What to do: Reproduce the data below exactly. Skip the pictures.

Data segment:
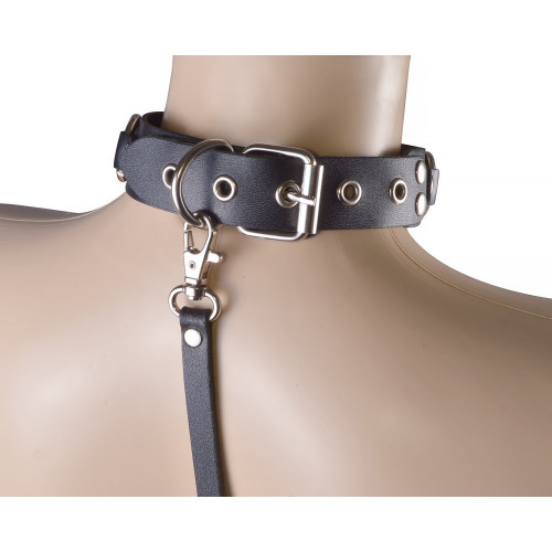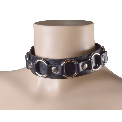 Ошейник изготовлен из натуральной кожи, декорирован шестью металлическими кольцам. Размер регулируется при помощи пряжки. Поводок кожаный.
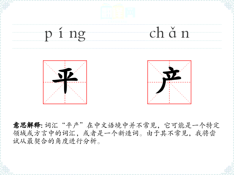 词汇“平产”在中文语境中并不常见,它可能是一个特定领域或方言中的词汇,或者是一个新造词。由于其不常见,我将尝试从最契合的角度进行分析。
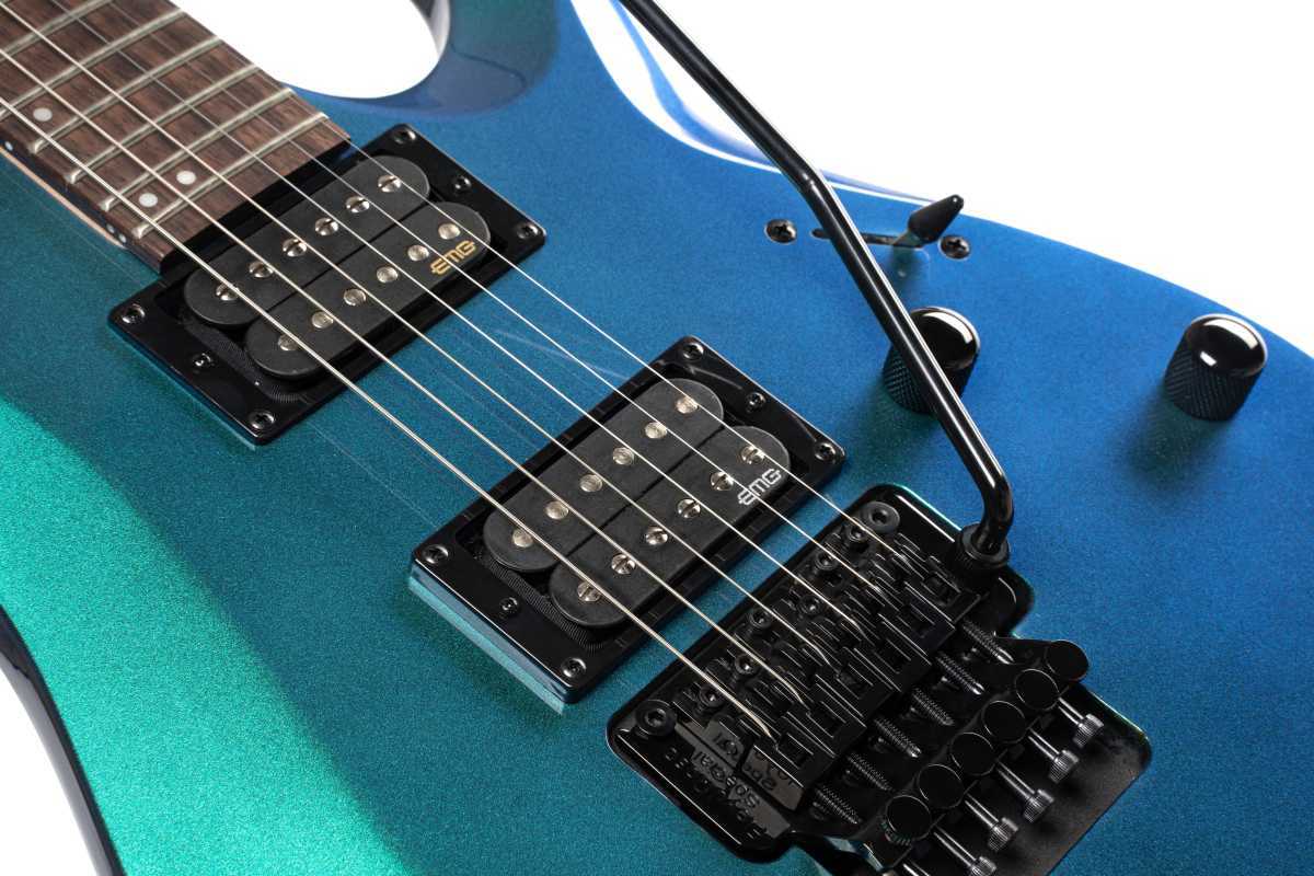 Moderní elektrická kytara s dvouzvratným tremolem a snímači EMG® RetroActive HOT 70 Set.

Result:
 Ошейник изготовлен из натуральной кожи, декорирован шестью металлическими кольцам. Размер регулируется при помощи пряжки. Поводок кожаный.
 词汇“平产”在中文语境中并不常见,它可能是一个特定领域或方言中的词汇,或者是一个新造词。由于其不常见,我将尝试从最契合的角度进行分析。
 Moderní elektrická kytara s dvouzvratným tremolem a snímači EMG® RetroActive HOT 70 Set.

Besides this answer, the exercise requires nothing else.